BEGIN

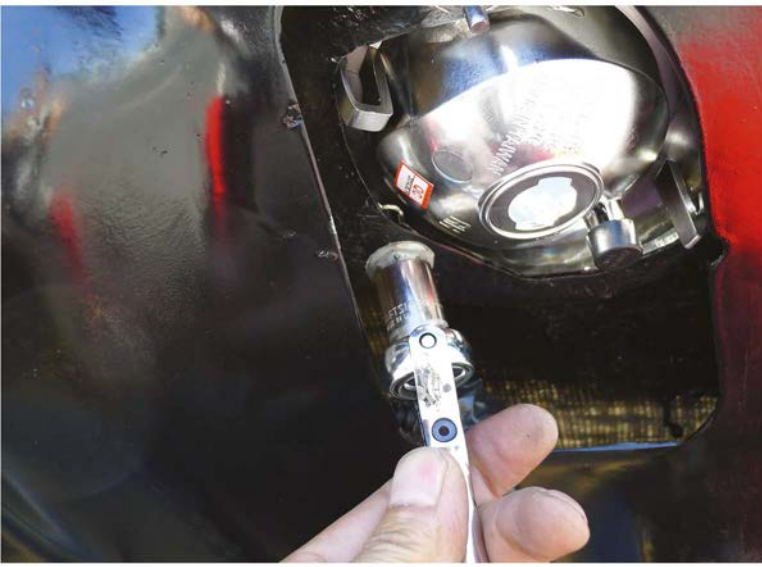
17. Tighten the (2) 11mm nuts
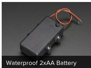
Waterproof 2xAA Battery
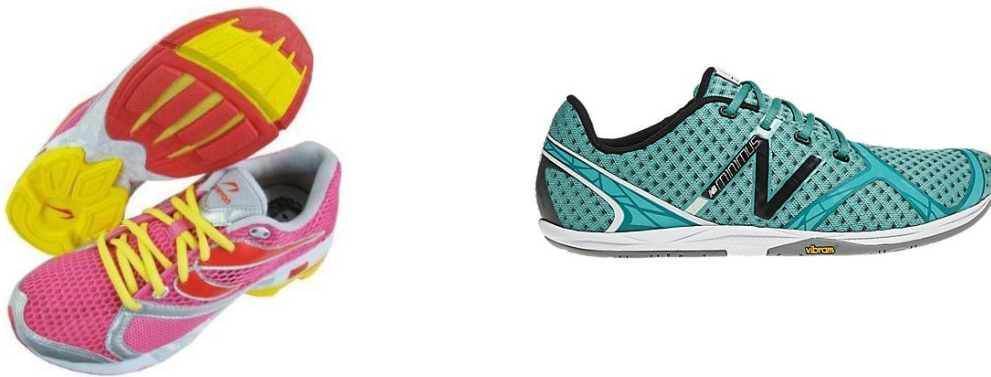
Figure 1. A side-by-side comparison of the two minimalist style running shoes I wore, the Newton Distance U shoe (pictured left) and the New Balance Minimus Zero shoe (right).

short run to and from the practice site, as well as several drills meant to alter strike patterns and cadence of runners. Participants were encouraged to wear shoes from Newton and these were loaned to them at the beginning of class so they could experience a 'natural' style of running in a 'natural shoe'.
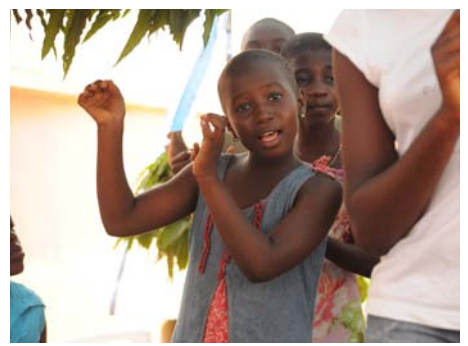
Singing activities at Centre
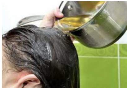
Doctor: Do This to Promote Hair Regrowth
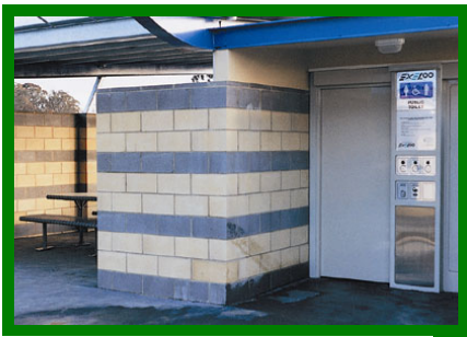
Single unit built into family picnic booth
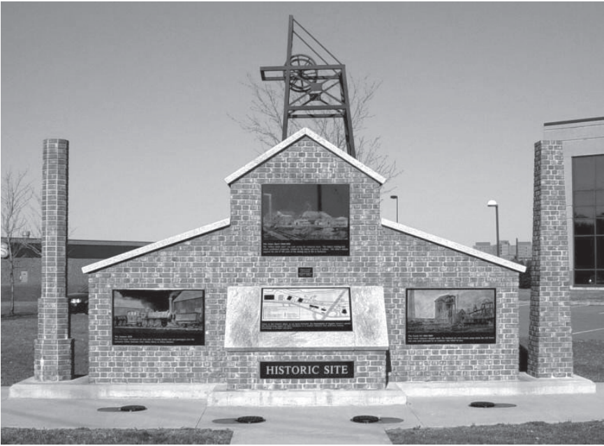
Sobeys Industrial Monument, New Glasgow, Nova Scotia.
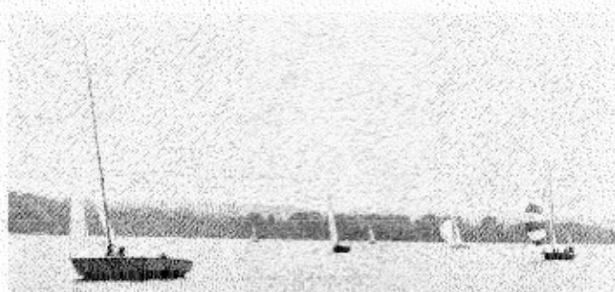
Spinnakers vs. Jibs, L.Y.C. (149) Invitational.
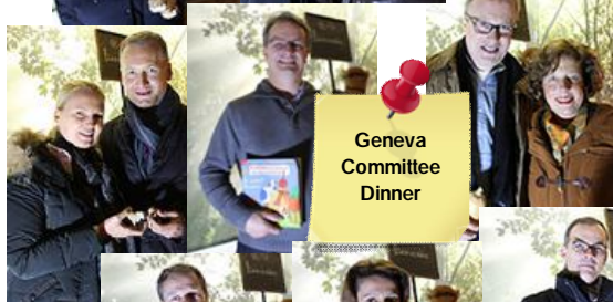
Geneva Committee Dinner
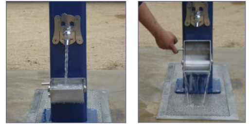
Detail lower tap and later emptying of the trough for animals.
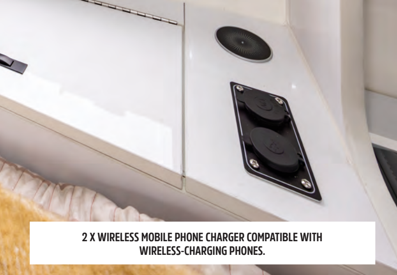
2 X WIRELESS MOBILE PHONE CHARGER COMPATIBLE WITH WIRELESS-CHARGING PHONES.

END

▶ **Work to be completed**
Word for word, give again the lines from the line holding "Single unit built into family picnic booth" through the last line of the material, both included; pictures are not part of the copy.

▶ **Exercise response**
Single unit built into family picnic booth
Sobeys Industrial Monument, New Glasgow, Nova Scotia.
Spinnakers vs. Jibs, L.Y.C. (149) Invitational.
Geneva Committee Dinner
Detail lower tap and later emptying of the trough for animals.
2 X WIRELESS MOBILE PHONE CHARGER COMPATIBLE WITH WIRELESS-CHARGING PHONES.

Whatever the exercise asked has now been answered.